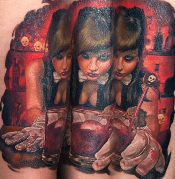 令人毛骨悚然的彩色性感女人纹身图案
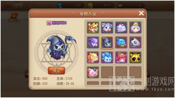 游戏中的均值型宠物有:狐狸宝宝,黑喑死神之
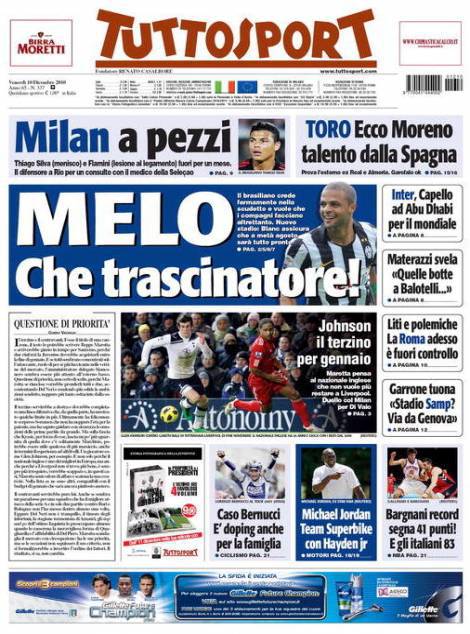 TUTTOSPORT MELO JUVENTUS – Il quotidiano torinese Tuttosport elogia il centrocampista brasiliano della Juventus Felipe Melo, che dopo la pessima stagione nel suo primo anno in bianconero sembra rinato con la cura Delneri.
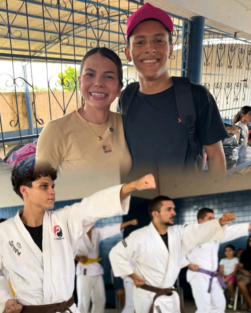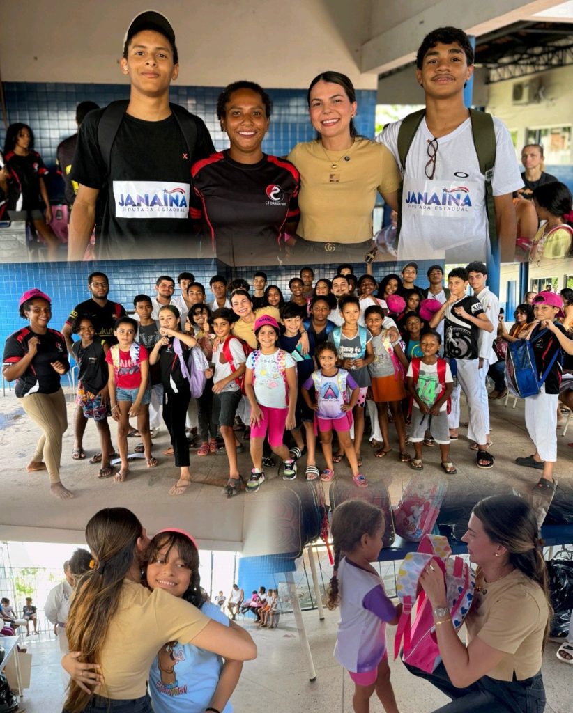 Um dos destaques foi o projeto Raízes do Futuro, desenvolvido na Vila Vitória, onde crianças têm acesso a atividades esportivas, acompanhamento na área da saúde e atenção integral, graças ao trabalho voluntário de moradores e parceiros. Ao lado de Edna Monteiro, presidente da Associação de Moradores do bairro, a deputada realizou a entrega de kits escolares às crianças atendidas pelo projeto, contribuindo para o incentivo à educação e à permanência escolar.
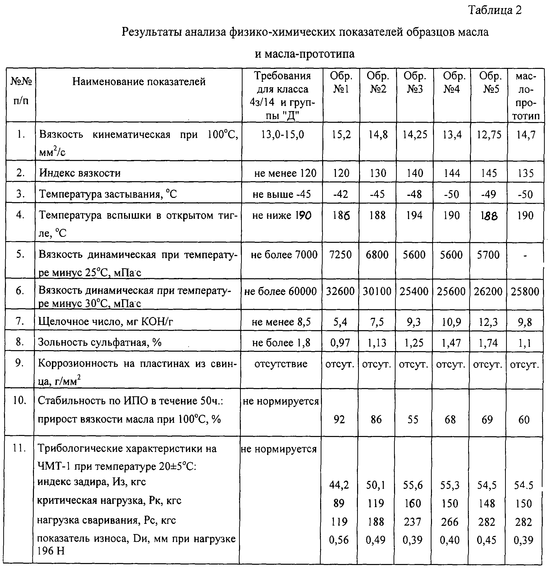 В таблице 2 представлены результаты лабораторных испытаний по оценке физико-химических свойств опытных образцов моторного масла, сопоставленные с соответствующими данными масла-прототипа. Определение физико-химических свойств проводили в соответствии со стандартизированными методиками: вязкость кинематическую при 100°С определяли по ГОСТ 33, индекс вязкости – ГОСТ 24371, температуру застывания – ГОСТ 20287, температуру вспышки в открытом тигле – ГОСТ 4333, вязкость динамическую при температуре минус 25°С – ASTM D 5293, вязкость динамическую при температуре минус 30°С – ASTM D 4684, щелочное число – ГОСТ 11362, зольность сульфатную – ГОСТ 12417, коррозионность – ГОСТ 20502, стабильность по ИПО – ГОСТ 11063, трибологические характеристики на четырехшариковой машине трения – ГОСТ 9490.
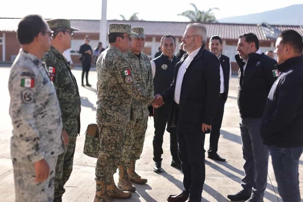 También asistieron el general de brigada comandante de la 21 Zona Militar, Ernesto Geminiano Jiménez; el comandante de la 43 Zona Militar, José Francisco Terán Valle; los secretarios de Gobierno, Carlos Torred Piña y de Seguridad Pública, Juan Carlos Oseguera; el fiscal General del Estado, Adrián López Solís; y el coordinador estatal de la Guardia Nacional, Eugenio Leonardo López Arellanes.
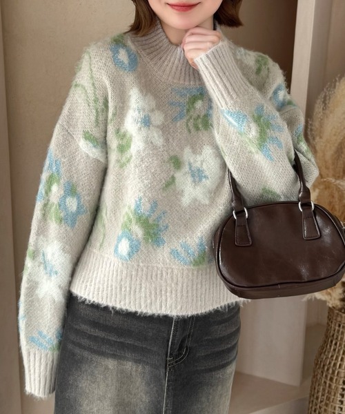 ▼design冬ムードが高まる華やかな花柄にラメが散りばめられたジャカードニット。程よい厚み起毛感のある素材で身体のラインを拾いにくく、ON/OFFで様になる一品です。ニュアンス感のある花柄はどのシーンにも重宝します。▼fabricラメ入りジャカードニット素材-----------------------------透け感:なし光沢感:なし伸縮性:あり裏地:なし洗濯:手洗い○-----------------------------※お取り扱い上のご注意※モニター環境等により実際の商品と多少色味が異なって表示される場合がございます。予めご了承下さい。屋外で撮影された商品は、天候により多少実際のカラーと異なる場合があります。商品のカラーを参考される場合はトルソー(マネキン)の画像をご参照ください。濃い色の商品は、お洗濯や摩擦等による移染にご注意ください。末永くご愛用頂く為に、アテンションタグ・洗濯ネームを必ずご確認の上、着用又はお取り扱い下さい。生産時期により、色、サイズ、デザイン、素材の質感が多少異なる場合がございます。あらかじめ御了承下さい。
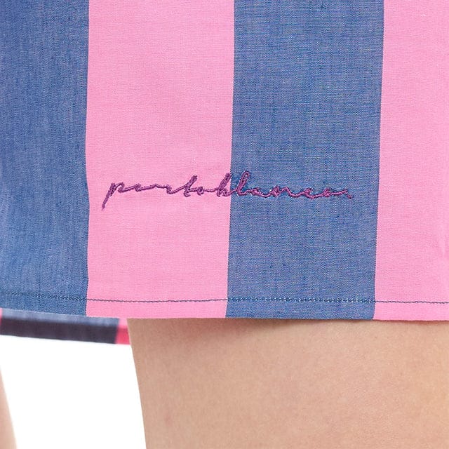 • Firma de la marca bordada en la falda.
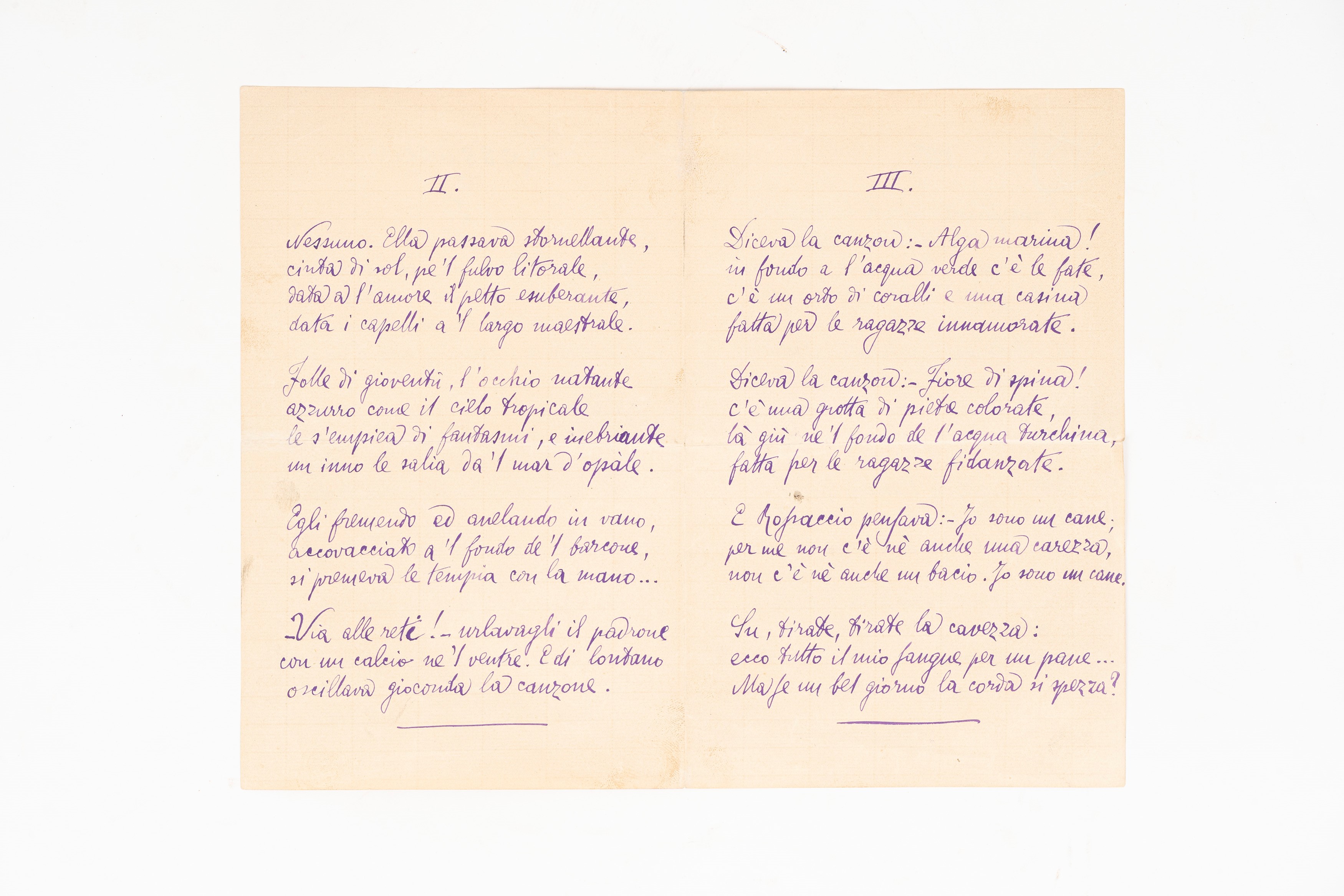 Poesia autografa firmata in 8°, 4 pagine, 213 x 134 mm., inchiostro viola, in quartine.
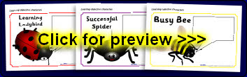 3 printable A4 sheets for you to write learning objectives on, featuring 3 characters: ‘Learning Ladybird’, ‘Successful Spider’ and ‘Busy Bee’.
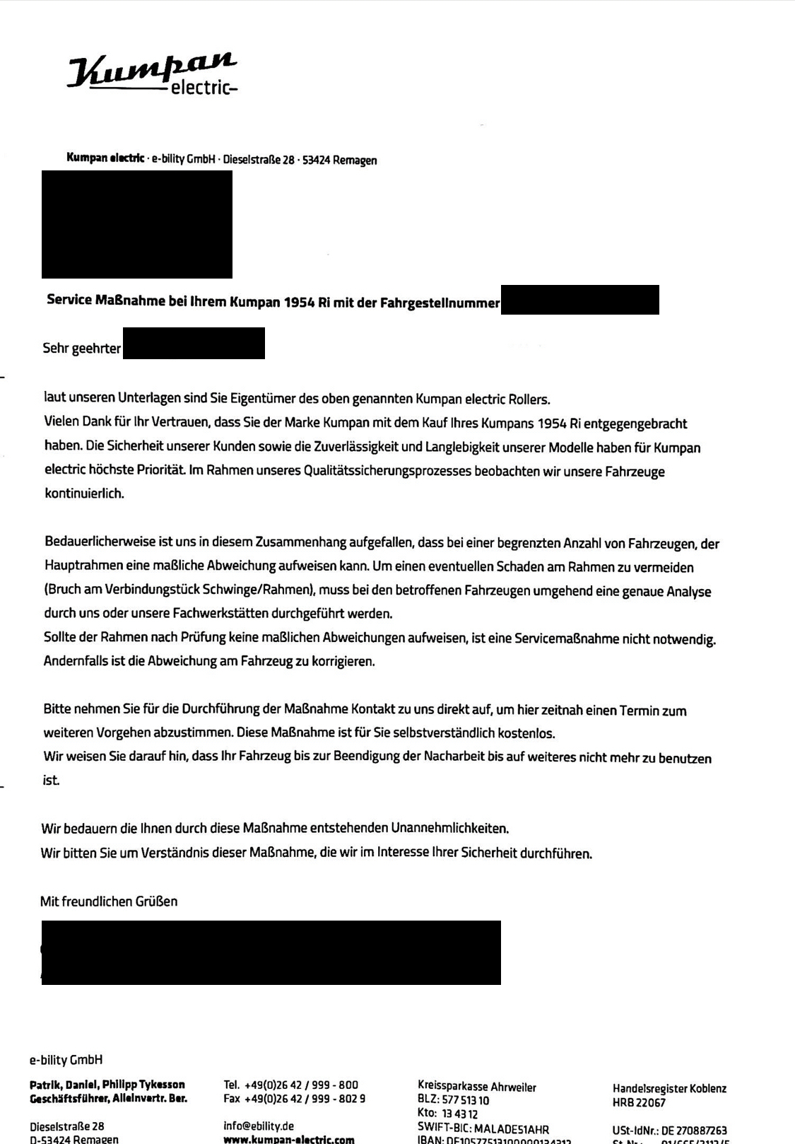Das Qualitätsmangement bei Kumpan hat wohl noch Luft nach oben.
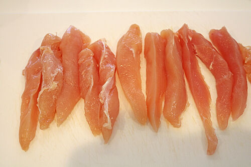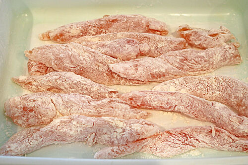 2、ささみの水気をよくふきとり、周りにてんぷら粉をまぶす。
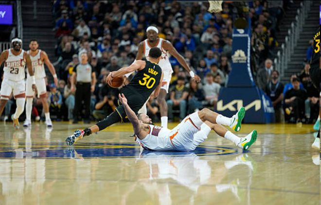 下半场,勇士加强了防守,在第三节,球队只让对手得到20分,勇士则是得到29分。虽然太阳在前三节落后6分,但是,他们仍然与勇士鏖战到最后一刻。不过,在最后1分40秒的时候,库里外线三分命中,勇士将比分拉开到7分。随后,太阳打出一波5-0小高潮,球队110-112落后勇士。
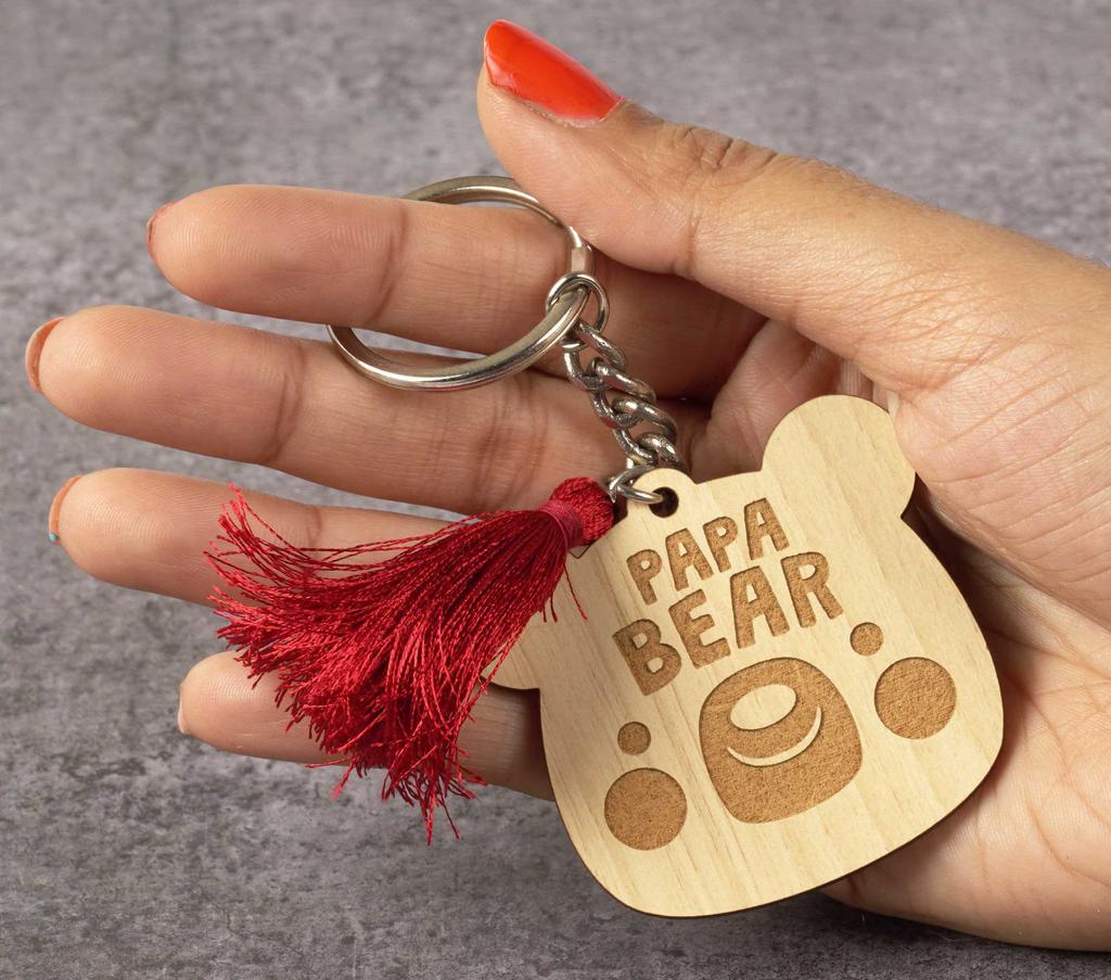 Inkdotpot Брелок Папа Медведь Деревянный Гравированный Брелок Подарок для Папы
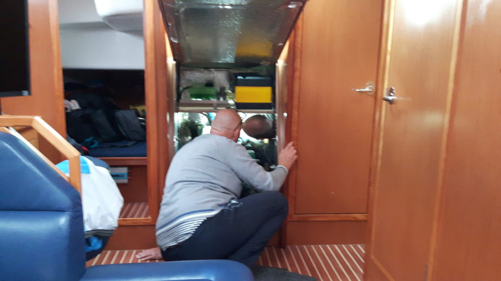 Om 08.30 stapt de monteur van Volvo Penta aan boord, nadat de motor gestart is en hij enige metingen heeft verricht komt ook hij tot de conclusie dat de spanningsregelaar van de dynamo defect moet zijn. met twee paar handen is de nieuwe dynamo snel geplaatst. Proefdraaien en dan blijkt…….. het euvel niet verholpen te zijn. O jee wat nu, nog maar eens wat metingen verrichten.
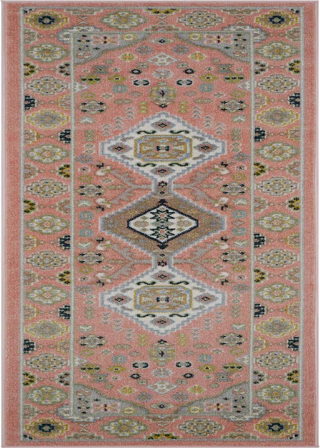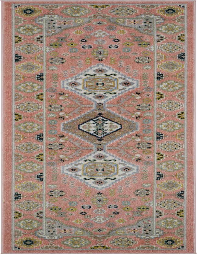 Primary color is Rose Pink. Colors in this rug include: Rose Pink, Beige, Ivory, Green, Gray, Light Blue.
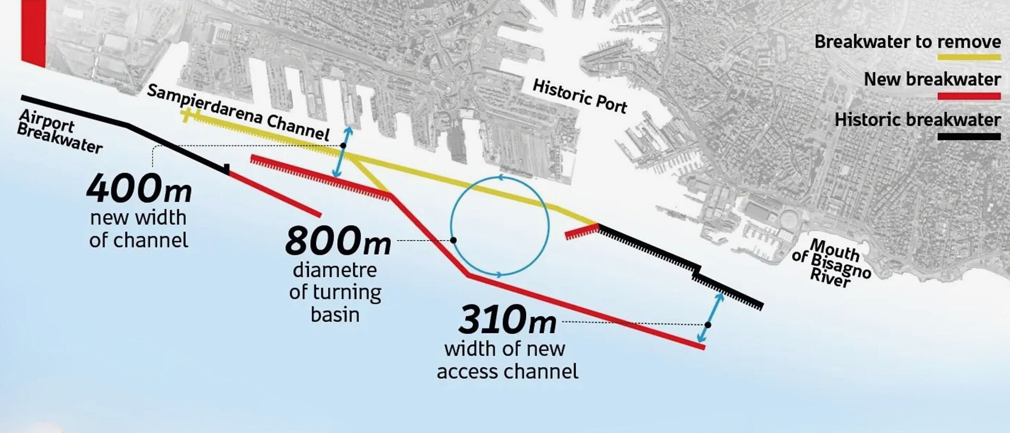 项目核心目标是将港口外部屏障向外延伸450米,形成深度50米的泊位,使超大型集装箱船(最长400米)能在平静水域完成停靠与转弯,预计2027年完成首段4公里工程,2030年全线贯通。扩建后,港区交通量将提升30%,直接带动集装箱运输、港口权及税收收入增长42亿欧元,显著增强热那亚港对欧盟泛欧运输网络莱茵-阿尔卑斯走廊的支撑力。
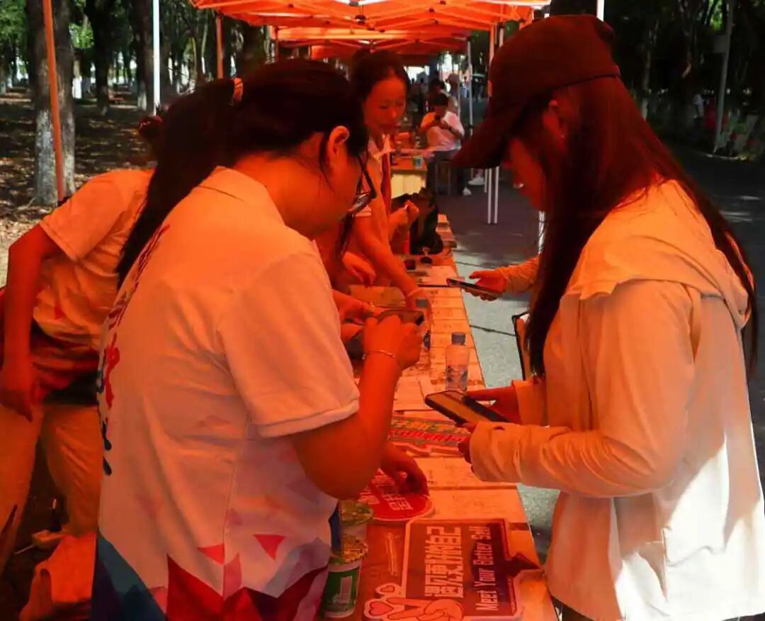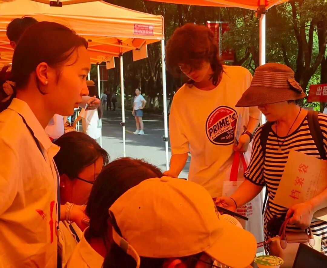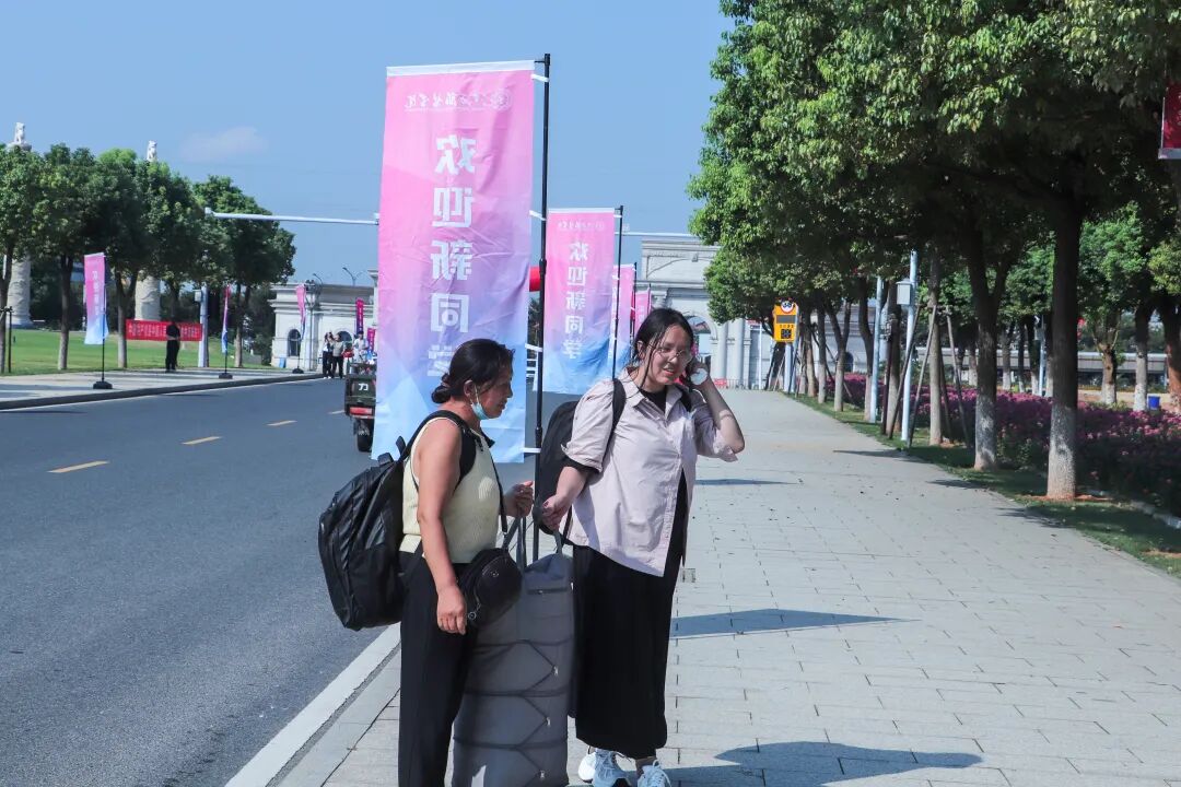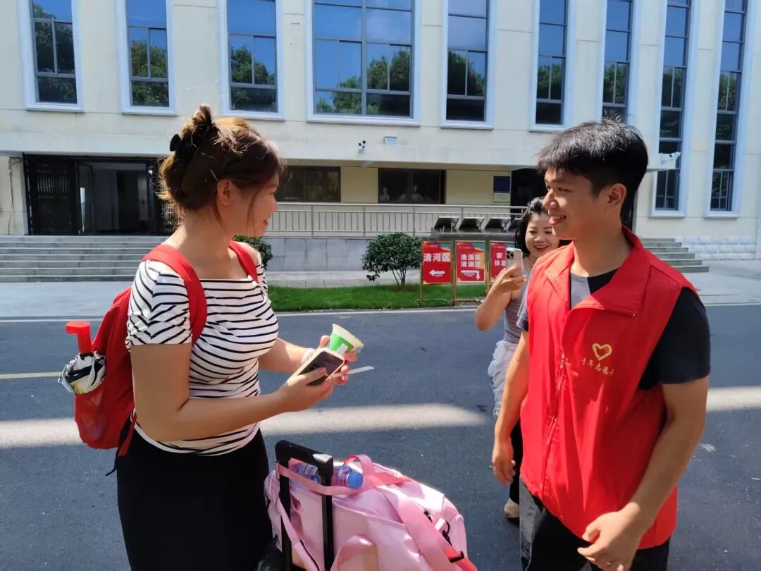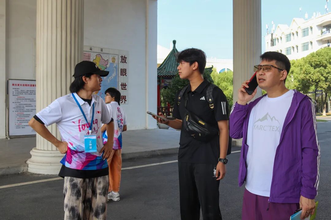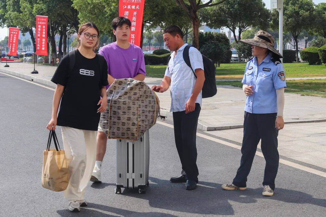 在炎热的天气里,一抹抹身着志愿服的身影格外鲜活。他们顶着骄阳穿梭奔走,额间汗珠滚落,衣衫渐渐被汗水浸透,却始终笑意盈盈:主动帮新生提拎行李、为家长指引报到路线,用最热忱的双手、最温暖的笑容,把来自江服的关怀,变成新生踏入校园的第一份感动。

*Exercise*
Exactly as they appear, print the lines of the listing above from its first line through the line that contains "В таблице 2", minus the pictures.

*Written solution*
 令人毛骨悚然的彩色性感女人纹身图案
 游戏中的均值型宠物有:狐狸宝宝,黑喑死神之
 TUTTOSPORT MELO JUVENTUS – Il quotidiano torinese Tuttosport elogia il centrocampista brasiliano della Juventus Felipe Melo, che dopo la pessima stagione nel suo primo anno in bianconero sembra rinato con la cura Delneri.
 Um dos destaques foi o projeto Raízes do Futuro, desenvolvido na Vila Vitória, onde crianças têm acesso a atividades esportivas, acompanhamento na área da saúde e atenção integral, graças ao trabalho voluntário de moradores e parceiros. Ao lado de Edna Monteiro, presidente da Associação de Moradores do bairro, a deputada realizou a entrega de kits escolares às crianças atendidas pelo projeto, contribuindo para o incentivo à educação e à permanência escolar.
 В таблице 2 представлены результаты лабораторных испытаний по оценке физико-химических свойств опытных образцов моторного масла, сопоставленные с соответствующими данными масла-прототипа. Определение физико-химических свойств проводили в соответствии со стандартизированными методиками: вязкость кинематическую при 100°С определяли по ГОСТ 33, индекс вязкости – ГОСТ 24371, температуру застывания – ГОСТ 20287, температуру вспышки в открытом тигле – ГОСТ 4333, вязкость динамическую при температуре минус 25°С – ASTM D 5293, вязкость динамическую при температуре минус 30°С – ASTM D 4684, щелочное число – ГОСТ 11362, зольность сульфатную – ГОСТ 12417, коррозионность – ГОСТ 20502, стабильность по ИПО – ГОСТ 11063, трибологические характеристики на четырехшариковой машине трения – ГОСТ 9490.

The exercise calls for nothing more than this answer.